> Data shown
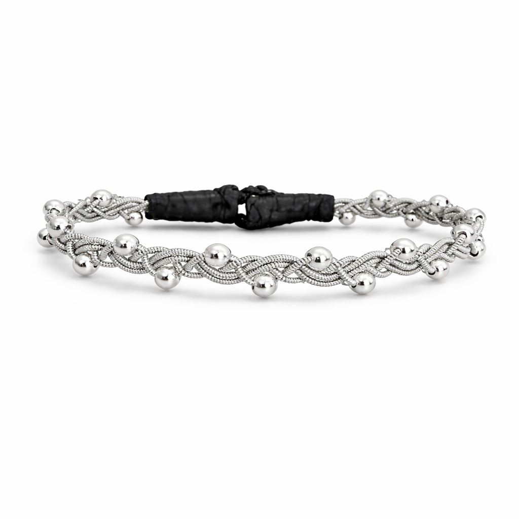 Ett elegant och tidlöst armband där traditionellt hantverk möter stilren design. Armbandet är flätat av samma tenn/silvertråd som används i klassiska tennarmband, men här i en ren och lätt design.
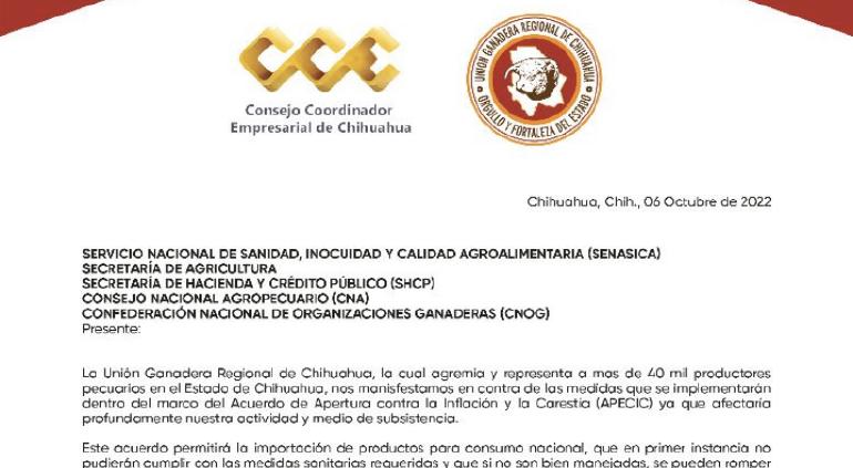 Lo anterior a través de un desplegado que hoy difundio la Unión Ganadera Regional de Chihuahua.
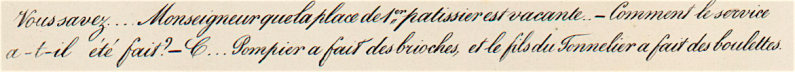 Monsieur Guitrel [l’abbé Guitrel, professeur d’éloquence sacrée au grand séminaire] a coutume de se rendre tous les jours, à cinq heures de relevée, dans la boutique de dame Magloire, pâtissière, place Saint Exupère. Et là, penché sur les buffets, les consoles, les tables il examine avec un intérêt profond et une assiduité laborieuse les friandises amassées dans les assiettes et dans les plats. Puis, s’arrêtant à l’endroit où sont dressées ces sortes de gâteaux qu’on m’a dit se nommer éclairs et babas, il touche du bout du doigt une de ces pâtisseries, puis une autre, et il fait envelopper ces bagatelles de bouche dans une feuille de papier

> Your instructions
All the material above must be copied exactly, and no picture belongs in the copy.

> Answer to the problem
 Ett elegant och tidlöst armband där traditionellt hantverk möter stilren design. Armbandet är flätat av samma tenn/silvertråd som används i klassiska tennarmband, men här i en ren och lätt design.
 Lo anterior a través de un desplegado que hoy difundio la Unión Ganadera Regional de Chihuahua.
 Monsieur Guitrel [l’abbé Guitrel, professeur d’éloquence sacrée au grand séminaire] a coutume de se rendre tous les jours, à cinq heures de relevée, dans la boutique de dame Magloire, pâtissière, place Saint Exupère. Et là, penché sur les buffets, les consoles, les tables il examine avec un intérêt profond et une assiduité laborieuse les friandises amassées dans les assiettes et dans les plats. Puis, s’arrêtant à l’endroit où sont dressées ces sortes de gâteaux qu’on m’a dit se nommer éclairs et babas, il touche du bout du doigt une de ces pâtisseries, puis une autre, et il fait envelopper ces bagatelles de bouche dans une feuille de papier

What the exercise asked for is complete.